Diaz também ressalta que os desafios logísticos não estão apenas no cenário externo, mas também dentro do próprio Brasil. “Temos que melhorar nossos acordos com os armadores e nossas estradas. A logística no Brasil ainda é um desafio”, pontua. Para ele, a combinação de gargalos internos com instabilidades internacionais cria um ambiente ainda mais complexo para o planejamento das exportações.

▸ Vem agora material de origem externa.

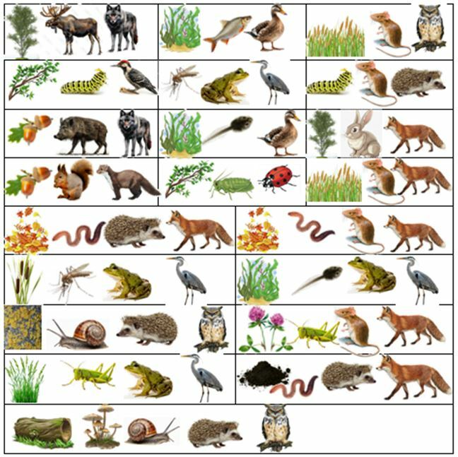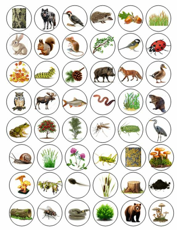 Из круглых картинок выбери любую. Найди ее на игровом поле. А теперь соедини линиями всех, кто связан с этим объектом в пищевой цепочке. Объясни свой выбор.

Outro ponto crítico destacado pelo setor é o fato de se tratar de um produto altamente perecível, o que aumenta a sensibilidade a qualquer falha na cadeia. “A gente trabalha com uma janela curta. Em cerca de 30 a 45 dias a fruta precisa sair do campo e chegar ao consumidor”, ressalta o gerente da Cooperativa de Produtores e Exportadores do Vale do São Francisco. Nesse contexto, atrasos ou elevação de custos não afetam apenas a rentabilidade, mas também a qualidade do produto entregue ao mercado.
Guerra no Oriente Médio
A instabilidade geopolítica, especialmente no Oriente Médio, surge como um novo fator de preocupação para o setor, ampliando ainda mais os riscos logísticos e pressionando custos.
Para Paulo Dantas, maior produtor e exportador de mangas do Brasil, o cenário é “super preocupante”, principalmente pelo impacto direto sobre o petróleo e, consequentemente, sobre o frete marítimo. “Tomara que resolva logo”, reforça.
O diretor da Coopa, Marcelo Faria, também destaca o clima de incerteza gerado pelos conflitos e seus reflexos na cadeia de transporte internacional. “É um momento de tensão, porque isso reflete diretamente no custo do transporte marítimo e nas seguradoras dos navios”, afirma, explicando que esse aumento de custos acaba sendo incorporado ao valor final da fruta exportada.
Na mesma linha, Diaz, chama atenção para os impactos mais amplos da crise em regiões estratégicas para o comércio global. “Quando você tem áreas estratégicas afetadas, muitos contêineres ficam parados e isso impacta o mundo inteiro”, explica. Segundo ele, além do encarecimento do transporte, há também efeitos sobre a disponibilidade de contêineres e a organização das rotas, o que pode gerar novos atrasos e aumentar a volatilidade dos preços.
Diante desse cenário, os agentes do mercado estão buscando entender quais serão os impactos e procurando alternativas. “O clima é bastante limitante, e desafiador, porque para alguns lugares você tem dificuldade com rota. Eu estava falando com uma das grandes empresas que faz o transporte marítimo e eles falavam sobre isso, dificuldade em operar, dificuldade com combustível, dificuldade com valor de frete. Então é um momento delicado”, relata o sócio-diretor da Xportare, Junior Silveira.
“A gente está buscando entender de que maneira que isso vai influenciar, até para a gente entender como se portar perante a esse desafio novo. AO exportações das frutas do Brasil para aquela região são poucas, mas acaba mexendo com a rota marítima de uma maneira geral. O Brasil exporta direto também para o Oriente Médio, que é um mercado menor em relação à participação, mas é um mercado relevante. Nesse momento, a gente tem tido dificuldade para acessar o mercado e existe o fato de que a região é um hub logístico, muito do mundo passa pelo Oriente Médio e isso afeta a gente”, avalia Silveira.
Diante desse cenário, produtores reforçam que a logística se consolidou como um dos principais fatores de risco para a fruticultura brasileira, ao lado de variáveis como câmbio e demanda internacional. A combinação entre custos elevados, instabilidade geopolítica e limitações estruturais exige maior eficiência e planejamento, além de reforçar a necessidade de investimentos em infraestrutura e melhorias na cadeia logística para garantir a competitividade do Brasil no mercado global de frutas.